**Supplied records**
○ ○ ○ ○

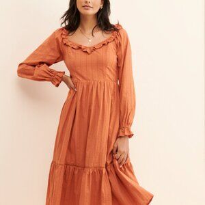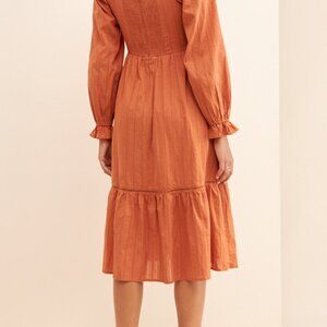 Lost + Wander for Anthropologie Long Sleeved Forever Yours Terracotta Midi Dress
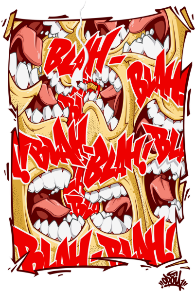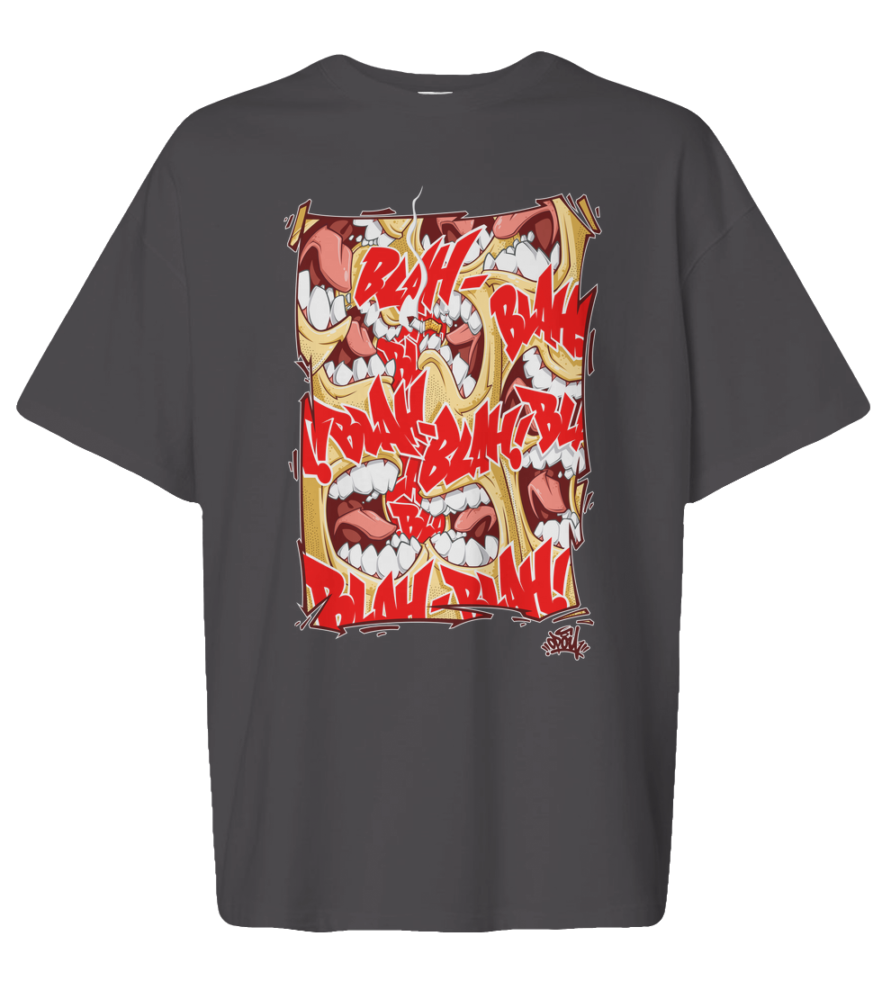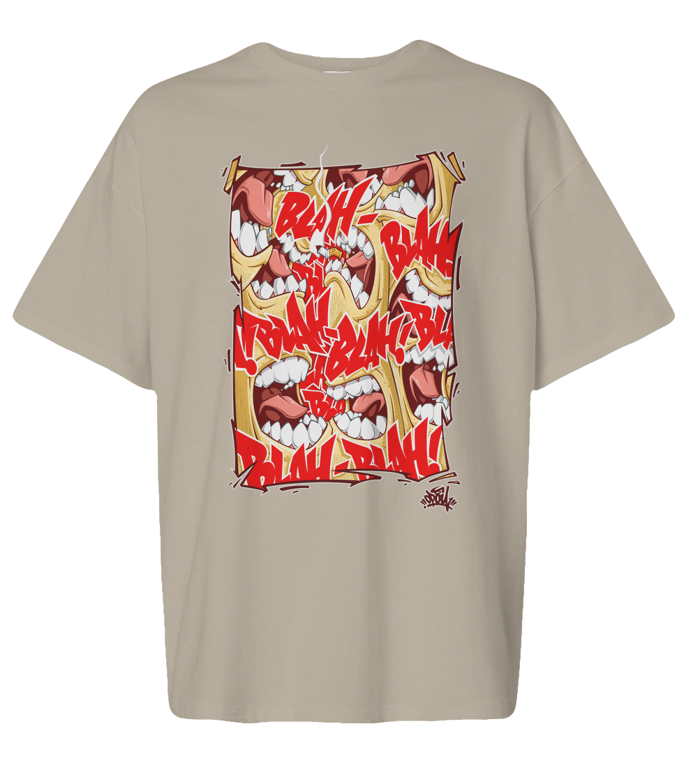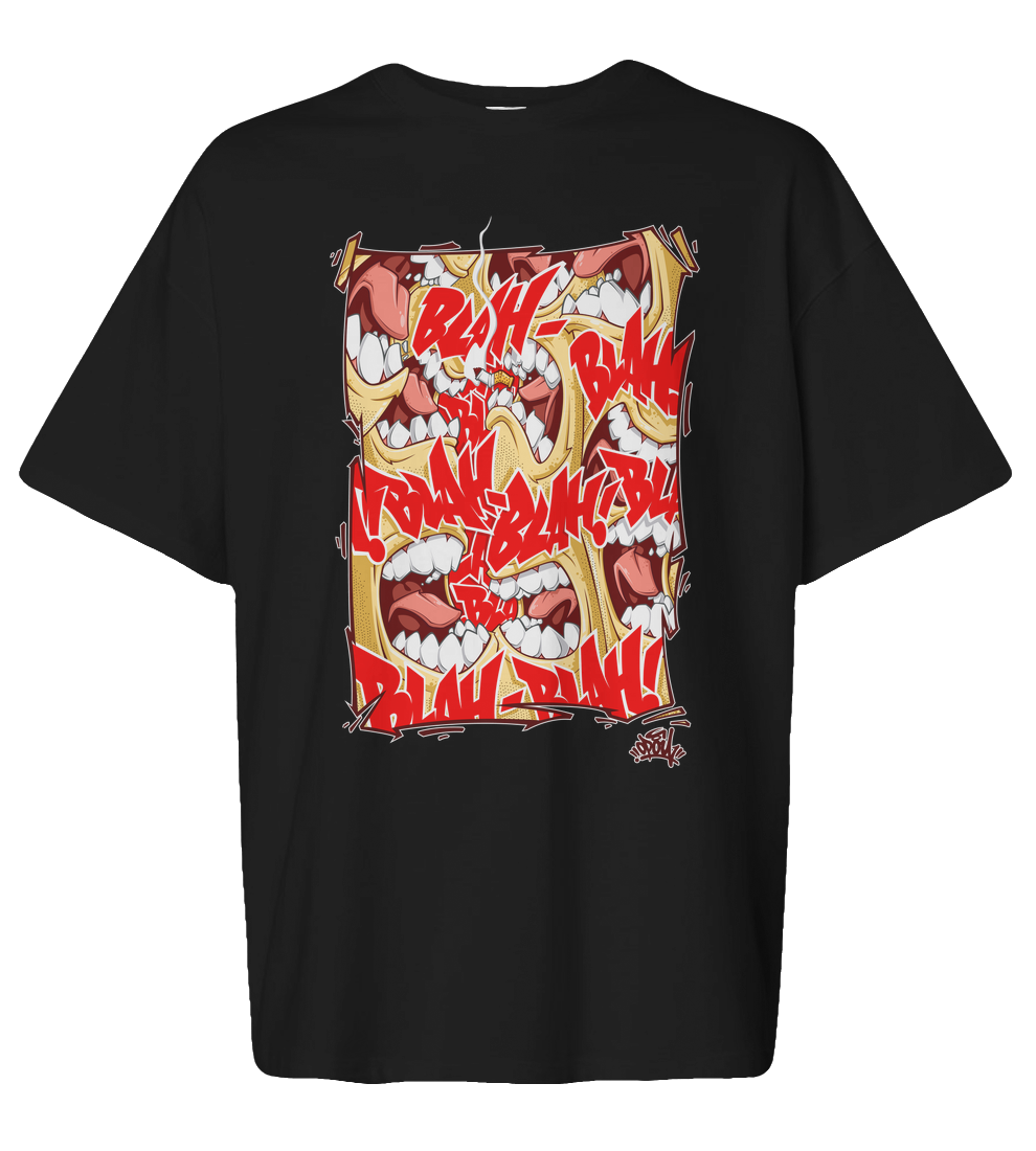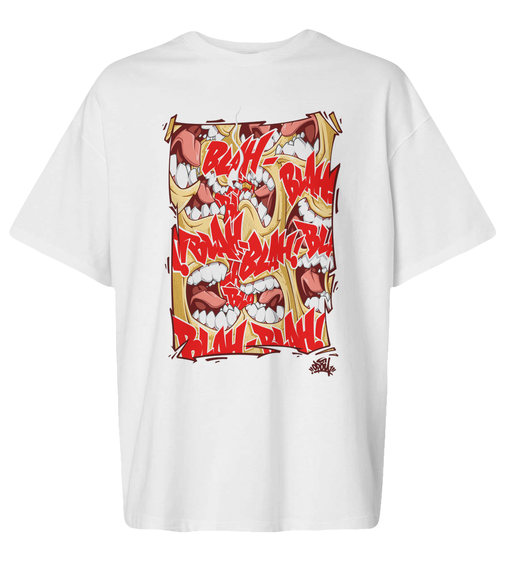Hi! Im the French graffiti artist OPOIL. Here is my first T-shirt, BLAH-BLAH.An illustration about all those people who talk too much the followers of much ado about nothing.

○ ○ ○ ○

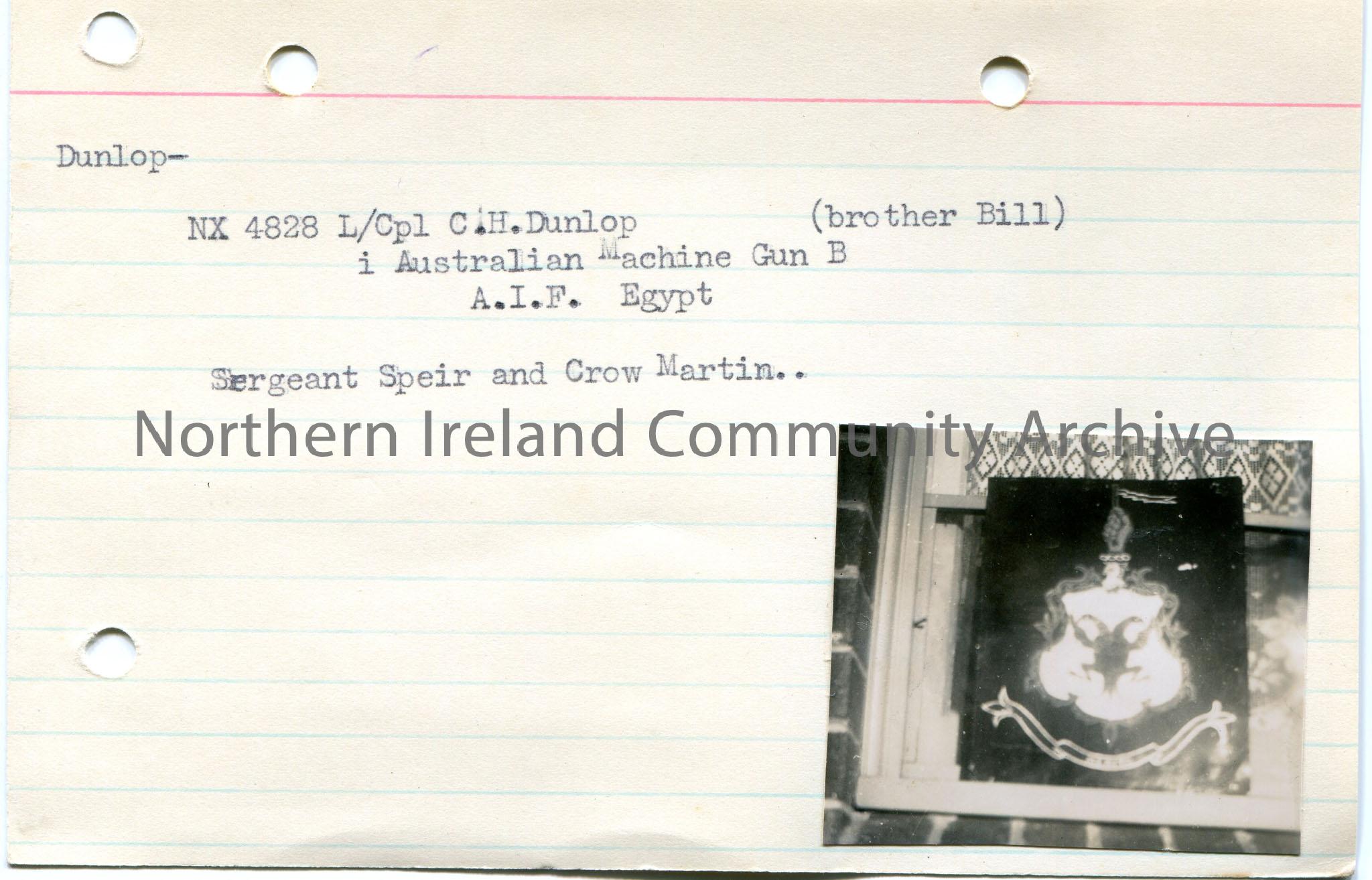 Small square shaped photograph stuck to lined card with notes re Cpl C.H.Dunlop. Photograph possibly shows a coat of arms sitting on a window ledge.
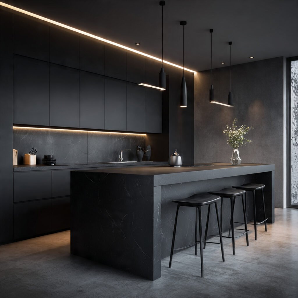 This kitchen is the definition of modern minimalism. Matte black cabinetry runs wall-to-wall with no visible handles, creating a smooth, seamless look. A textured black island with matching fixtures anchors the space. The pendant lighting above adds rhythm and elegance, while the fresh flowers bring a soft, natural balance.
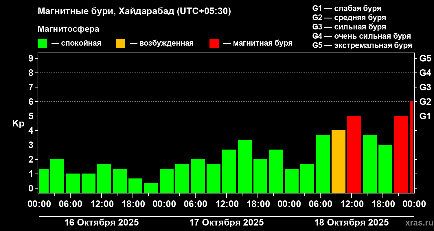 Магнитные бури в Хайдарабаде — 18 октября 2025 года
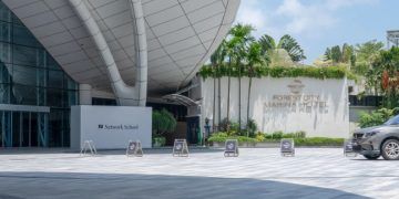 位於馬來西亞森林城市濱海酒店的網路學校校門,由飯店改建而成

○ ○ ○ ○

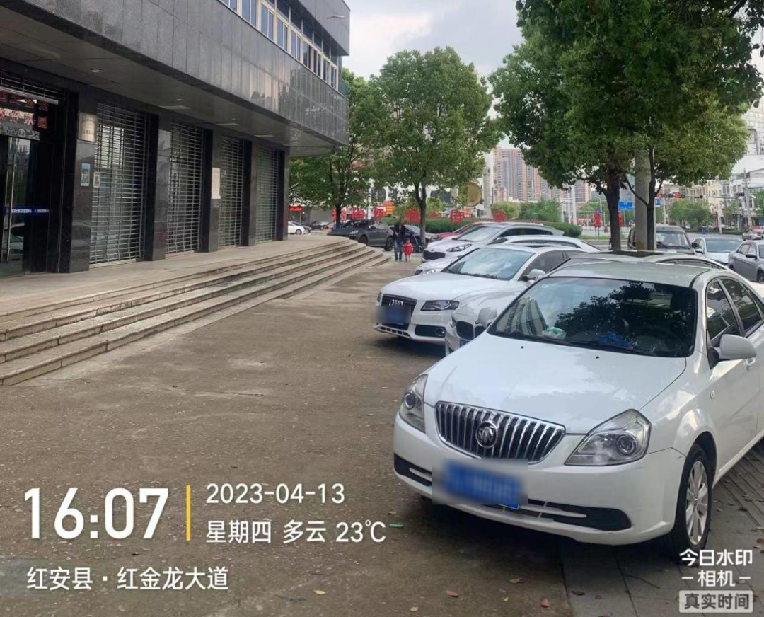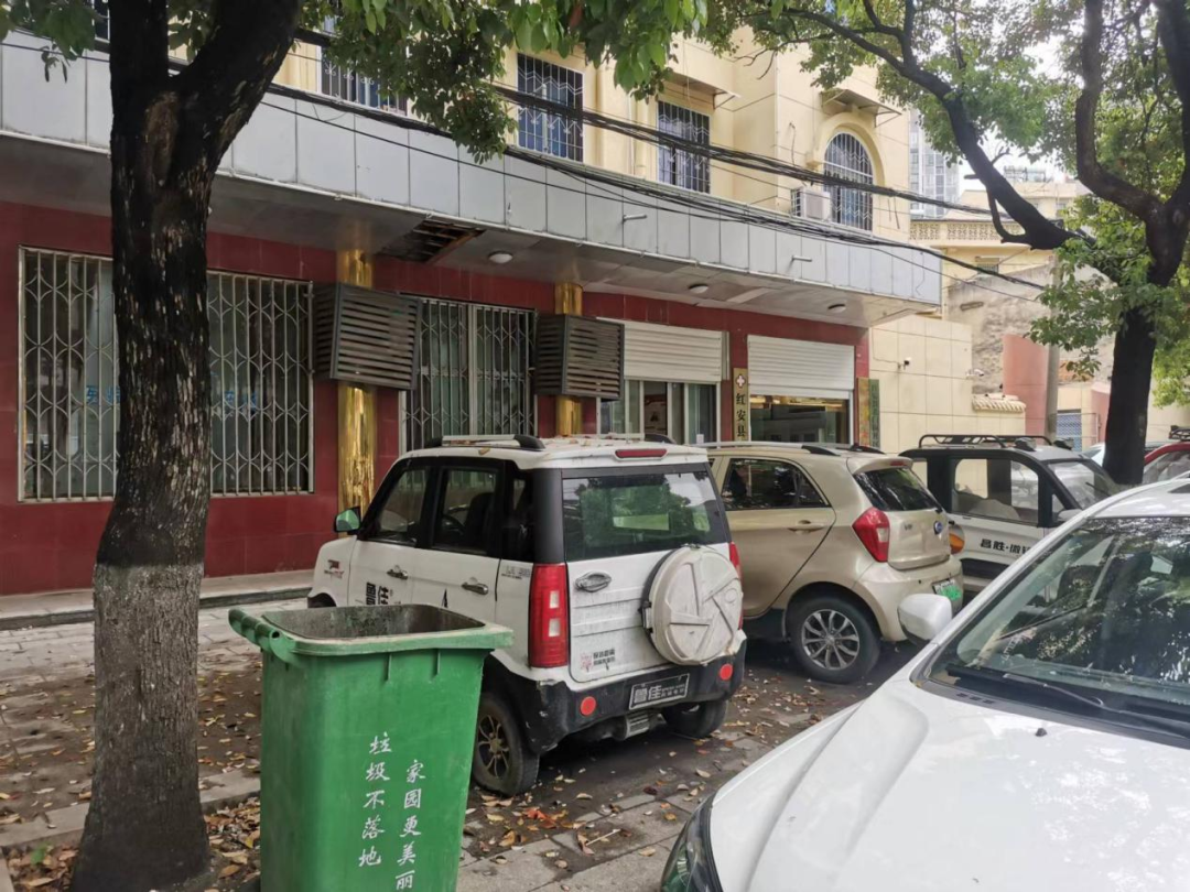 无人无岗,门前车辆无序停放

○ ○ ○ ○

**Task requirements**
Return exactly the lines above, from the one with "Small square shaped" up to and including the one with "位於馬來西亞森林城市濱海酒店的網路學校校門,由飯店改建而成", and include no pictures.

**Reply**
 Small square shaped photograph stuck to lined card with notes re Cpl C.H.Dunlop. Photograph possibly shows a coat of arms sitting on a window ledge.
 This kitchen is the definition of modern minimalism. Matte black cabinetry runs wall-to-wall with no visible handles, creating a smooth, seamless look. A textured black island with matching fixtures anchors the space. The pendant lighting above adds rhythm and elegance, while the fresh flowers bring a soft, natural balance.
 Магнитные бури в Хайдарабаде — 18 октября 2025 года
 位於馬來西亞森林城市濱海酒店的網路學校校門,由飯店改建而成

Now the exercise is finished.